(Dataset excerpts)
------------------------------------------------------------

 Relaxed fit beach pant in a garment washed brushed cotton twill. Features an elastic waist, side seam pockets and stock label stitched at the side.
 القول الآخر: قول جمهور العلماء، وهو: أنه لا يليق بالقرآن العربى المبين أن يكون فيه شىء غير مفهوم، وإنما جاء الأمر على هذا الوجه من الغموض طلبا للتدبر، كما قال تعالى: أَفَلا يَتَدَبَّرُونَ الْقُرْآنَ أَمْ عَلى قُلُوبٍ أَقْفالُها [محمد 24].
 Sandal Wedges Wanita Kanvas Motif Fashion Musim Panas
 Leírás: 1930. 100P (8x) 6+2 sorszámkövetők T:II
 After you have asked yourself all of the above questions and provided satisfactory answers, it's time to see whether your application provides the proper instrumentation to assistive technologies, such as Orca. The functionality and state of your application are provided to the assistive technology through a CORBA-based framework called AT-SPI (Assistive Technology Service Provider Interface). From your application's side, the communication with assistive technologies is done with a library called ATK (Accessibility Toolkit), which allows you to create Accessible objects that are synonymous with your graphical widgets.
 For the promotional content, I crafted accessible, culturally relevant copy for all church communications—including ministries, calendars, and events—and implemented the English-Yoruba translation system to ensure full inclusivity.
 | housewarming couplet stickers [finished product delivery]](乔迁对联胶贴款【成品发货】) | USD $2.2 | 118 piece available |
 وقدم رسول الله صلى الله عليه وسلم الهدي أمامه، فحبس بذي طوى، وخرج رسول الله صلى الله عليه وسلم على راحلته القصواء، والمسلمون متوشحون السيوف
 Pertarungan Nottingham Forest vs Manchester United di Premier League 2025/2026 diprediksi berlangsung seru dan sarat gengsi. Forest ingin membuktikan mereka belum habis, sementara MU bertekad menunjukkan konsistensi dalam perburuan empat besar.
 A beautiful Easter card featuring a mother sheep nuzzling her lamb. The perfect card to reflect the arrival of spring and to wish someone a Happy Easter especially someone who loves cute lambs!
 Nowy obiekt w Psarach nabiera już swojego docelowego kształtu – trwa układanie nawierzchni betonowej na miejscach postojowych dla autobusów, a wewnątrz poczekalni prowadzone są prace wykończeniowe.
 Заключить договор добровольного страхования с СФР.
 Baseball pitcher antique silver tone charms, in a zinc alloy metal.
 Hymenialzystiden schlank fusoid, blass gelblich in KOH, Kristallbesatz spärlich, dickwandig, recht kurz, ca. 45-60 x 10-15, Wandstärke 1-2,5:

------------------------------------------------------------

→ **INSTRUCTIONS FOR THE TASK**
Set the lines down exactly, from the first line of the records to the line where "A beautiful Easter" appears, with both ends kept.

→ **FINISHED EXERCISE**
 Relaxed fit beach pant in a garment washed brushed cotton twill. Features an elastic waist, side seam pockets and stock label stitched at the side.
 القول الآخر: قول جمهور العلماء، وهو: أنه لا يليق بالقرآن العربى المبين أن يكون فيه شىء غير مفهوم، وإنما جاء الأمر على هذا الوجه من الغموض طلبا للتدبر، كما قال تعالى: أَفَلا يَتَدَبَّرُونَ الْقُرْآنَ أَمْ عَلى قُلُوبٍ أَقْفالُها [محمد 24].
 Sandal Wedges Wanita Kanvas Motif Fashion Musim Panas
 Leírás: 1930. 100P (8x) 6+2 sorszámkövetők T:II
 After you have asked yourself all of the above questions and provided satisfactory answers, it's time to see whether your application provides the proper instrumentation to assistive technologies, such as Orca. The functionality and state of your application are provided to the assistive technology through a CORBA-based framework called AT-SPI (Assistive Technology Service Provider Interface). From your application's side, the communication with assistive technologies is done with a library called ATK (Accessibility Toolkit), which allows you to create Accessible objects that are synonymous with your graphical widgets.
 For the promotional content, I crafted accessible, culturally relevant copy for all church communications—including ministries, calendars, and events—and implemented the English-Yoruba translation system to ensure full inclusivity.
 | housewarming couplet stickers [finished product delivery]](乔迁对联胶贴款【成品发货】) | USD $2.2 | 118 piece available |
 وقدم رسول الله صلى الله عليه وسلم الهدي أمامه، فحبس بذي طوى، وخرج رسول الله صلى الله عليه وسلم على راحلته القصواء، والمسلمون متوشحون السيوف
 Pertarungan Nottingham Forest vs Manchester United di Premier League 2025/2026 diprediksi berlangsung seru dan sarat gengsi. Forest ingin membuktikan mereka belum habis, sementara MU bertekad menunjukkan konsistensi dalam perburuan empat besar.
 A beautiful Easter card featuring a mother sheep nuzzling her lamb. The perfect card to reflect the arrival of spring and to wish someone a Happy Easter especially someone who loves cute lambs!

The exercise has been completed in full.